(Work to be completed) Retype each line of the material exactly, please, skipping any picture in it.

(Recorded data)
-- Opening Marker --

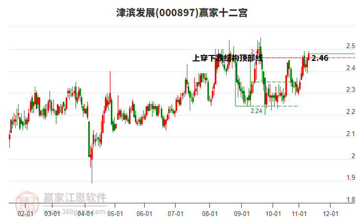 000897津?yàn)I發(fā)展處于贏家江恩多頭主線形態(tài),12月4日發(fā)出江恩筑頂信號后,經(jīng)過22日,今日再次發(fā)出江恩底分型并發(fā)出江恩筑底信號,中期雖然處于回調(diào)中,但長期多頭趨勢延續(xù)。000897津?yàn)I發(fā)展根據(jù)贏家江
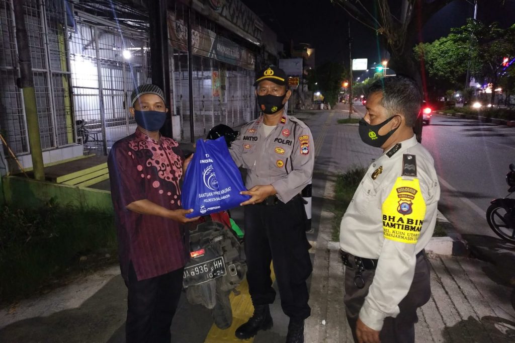 Polsek Banjarmasin Utara juga bersama Babinsa serta relawan emergency membagikan dua ribu sembako, ada 250 sak beras isi lima kilogram untuk warga miskin di Banjarmasin Utara yang terdampak Covid-19.
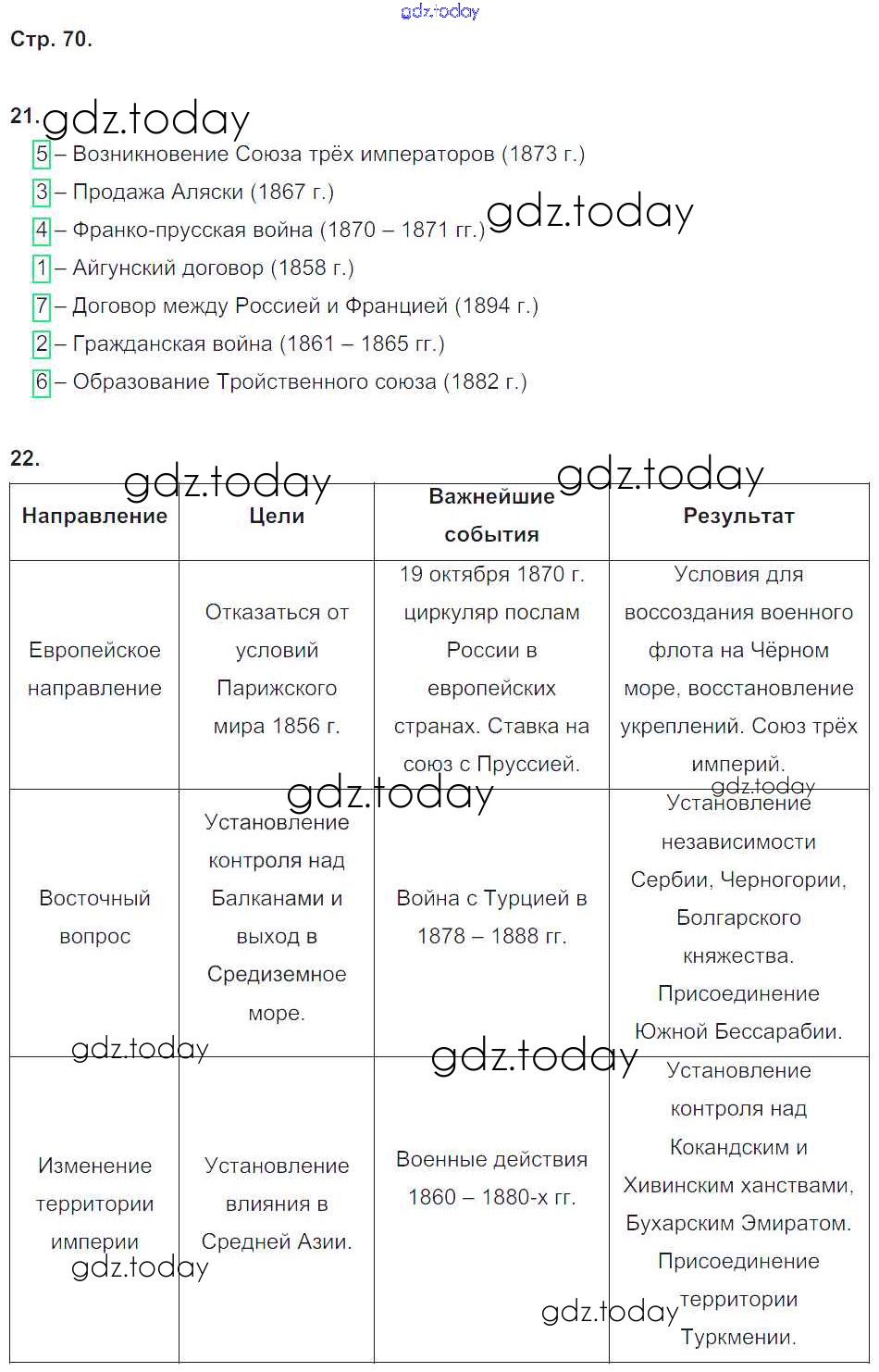 Ответы к Страницы (решение) 70 Рабочей тетради по Истории России для 9 класса Стаферова, Шевырев Русское слово Инновационная школа 2019
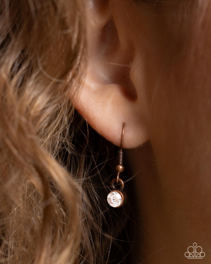 Gliding along a dainty copper chain, a copper sunburst pendant, embellished with gold foil against a blue and peach backdrop creates a stunning sunny statement. Features an adjustable clasp closure. Sold as one individual necklace. Includes one pair of matching earrings. Gliding along a dainty copper chain, a copper sunburst pendant, embellished with glistening white rhinestones creates a simply sunny statement. Features an adjustable clasp closure. Sold as one individual necklace. Includes one pair of matching earrings.
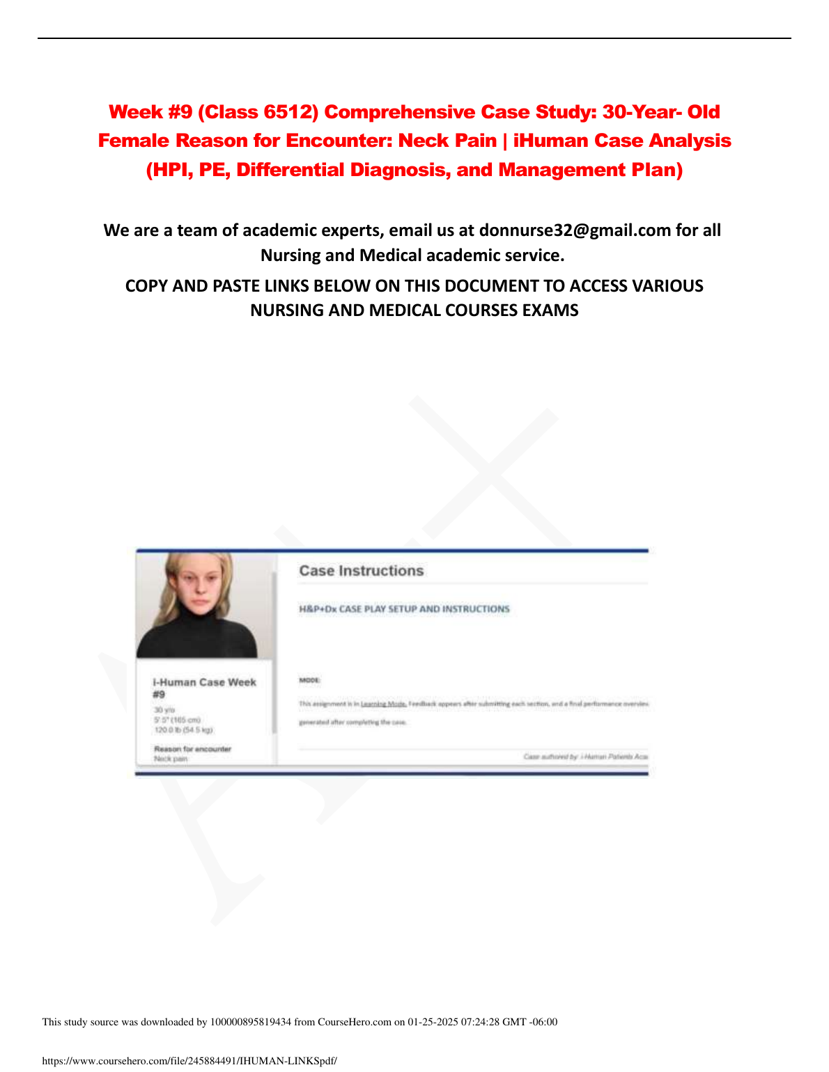 Master iHuman Week 9 (Class 6512): Comprehensive Case Analysis for a 30-Year-Old Female with Neck Pain | Latest 2025/2026 Study Guide to Ace Your Exams
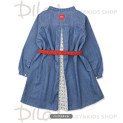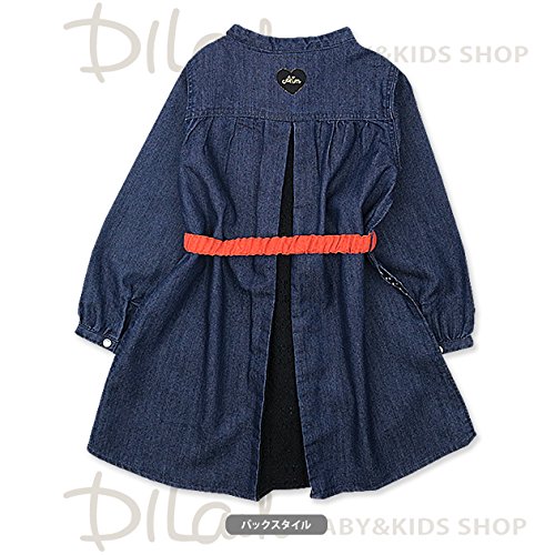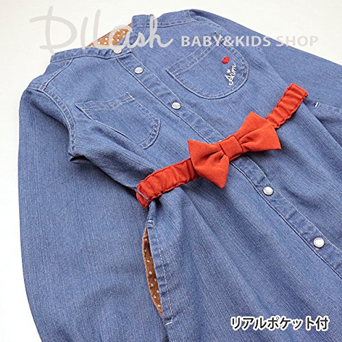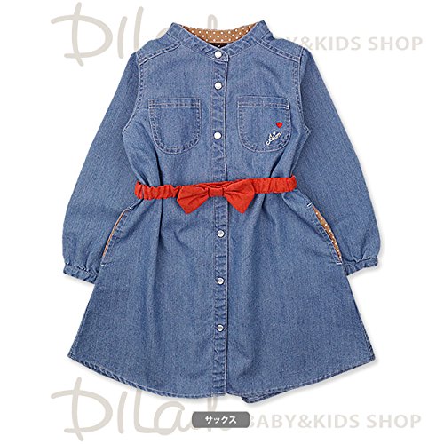 (エマーブル) AIMABLEリボンベルト付きデニムシャツ長袖ワンピース/秋 ベビー キッズ 女の子 130 サックス
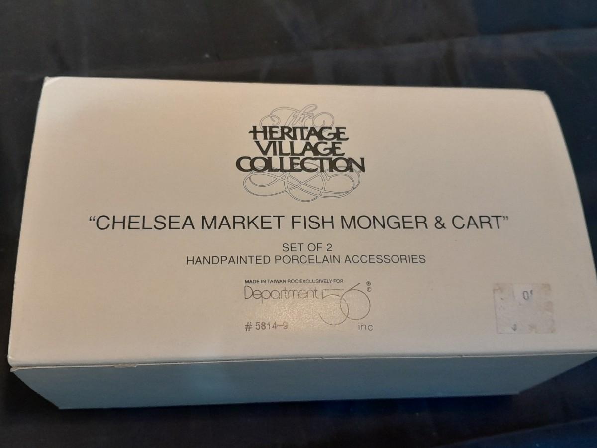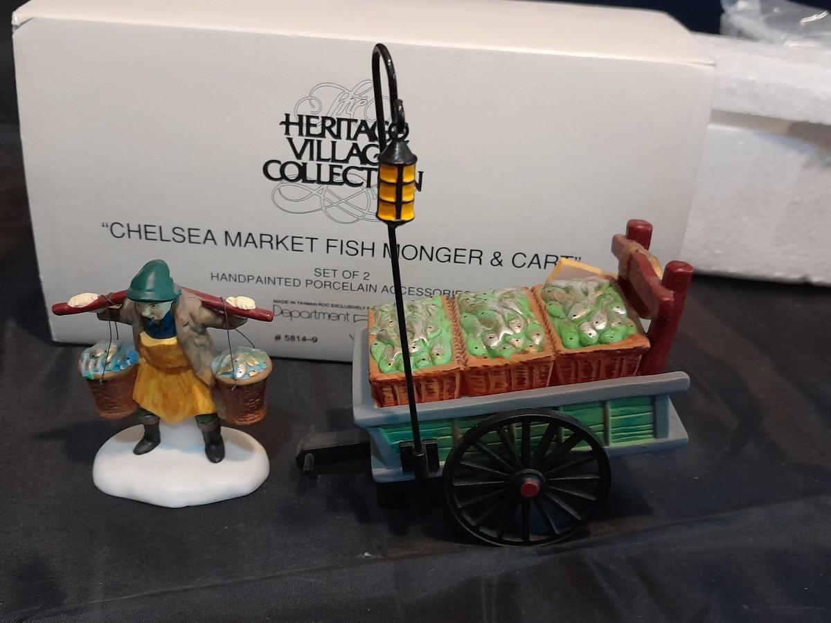 DEPARTMENT 56 VILLAGE ACCESSORIES CHELSEA MARKET FISH MONGER WITH CART AND DELIVERING COAL FOR THE HEARTH
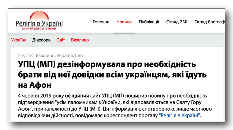 4 червня 2019 року офіційний сайт Української Православної Церкви повідомив, що всім паломникам УПЦ на Афон потрібні спеціальні довідки:
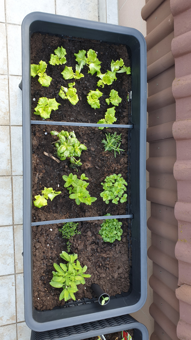 Also im Moment ist Koriander drin und der Salat. Itchy Frau zieht gerade indoor Tomaten und Kürbis. Ich denke die kommen dann raus.
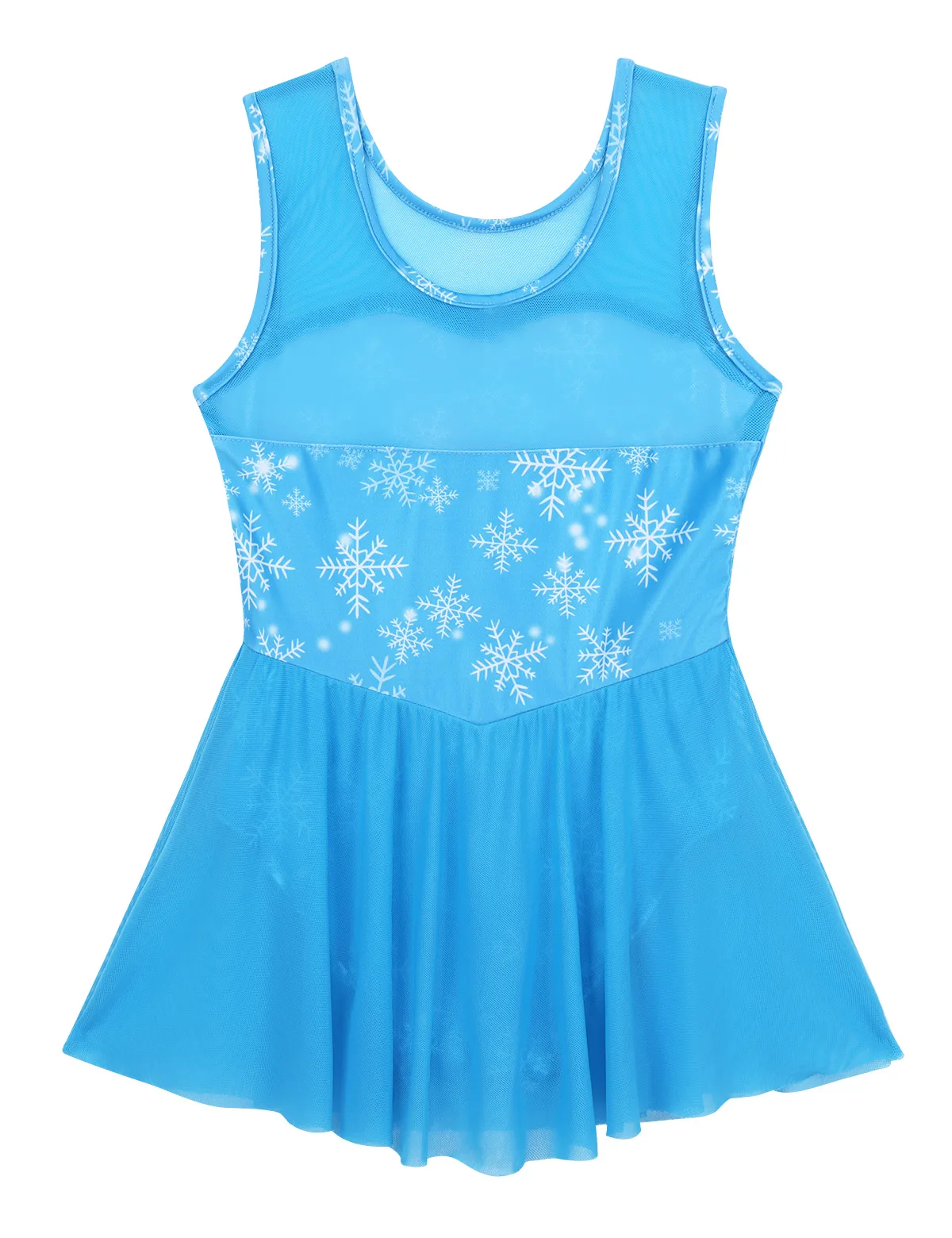 Без рукавов, с круглым вырезом, с сетчатой вставкой спереди и сзади. Купальник с рисунком снежинки.

-- Closing Marker --

(Task result)
 000897津?yàn)I發(fā)展處于贏家江恩多頭主線形態(tài),12月4日發(fā)出江恩筑頂信號后,經(jīng)過22日,今日再次發(fā)出江恩底分型并發(fā)出江恩筑底信號,中期雖然處于回調(diào)中,但長期多頭趨勢延續(xù)。000897津?yàn)I發(fā)展根據(jù)贏家江
 Polsek Banjarmasin Utara juga bersama Babinsa serta relawan emergency membagikan dua ribu sembako, ada 250 sak beras isi lima kilogram untuk warga miskin di Banjarmasin Utara yang terdampak Covid-19.
 Ответы к Страницы (решение) 70 Рабочей тетради по Истории России для 9 класса Стаферова, Шевырев Русское слово Инновационная школа 2019
 Gliding along a dainty copper chain, a copper sunburst pendant, embellished with gold foil against a blue and peach backdrop creates a stunning sunny statement. Features an adjustable clasp closure. Sold as one individual necklace. Includes one pair of matching earrings. Gliding along a dainty copper chain, a copper sunburst pendant, embellished with glistening white rhinestones creates a simply sunny statement. Features an adjustable clasp closure. Sold as one individual necklace. Includes one pair of matching earrings.
 Master iHuman Week 9 (Class 6512): Comprehensive Case Analysis for a 30-Year-Old Female with Neck Pain | Latest 2025/2026 Study Guide to Ace Your Exams
 (エマーブル) AIMABLEリボンベルト付きデニムシャツ長袖ワンピース/秋 ベビー キッズ 女の子 130 サックス
 DEPARTMENT 56 VILLAGE ACCESSORIES CHELSEA MARKET FISH MONGER WITH CART AND DELIVERING COAL FOR THE HEARTH
 4 червня 2019 року офіційний сайт Української Православної Церкви повідомив, що всім паломникам УПЦ на Афон потрібні спеціальні довідки:
 Also im Moment ist Koriander drin und der Salat. Itchy Frau zieht gerade indoor Tomaten und Kürbis. Ich denke die kommen dann raus.
 Без рукавов, с круглым вырезом, с сетчатой вставкой спереди и сзади. Купальник с рисунком снежинки.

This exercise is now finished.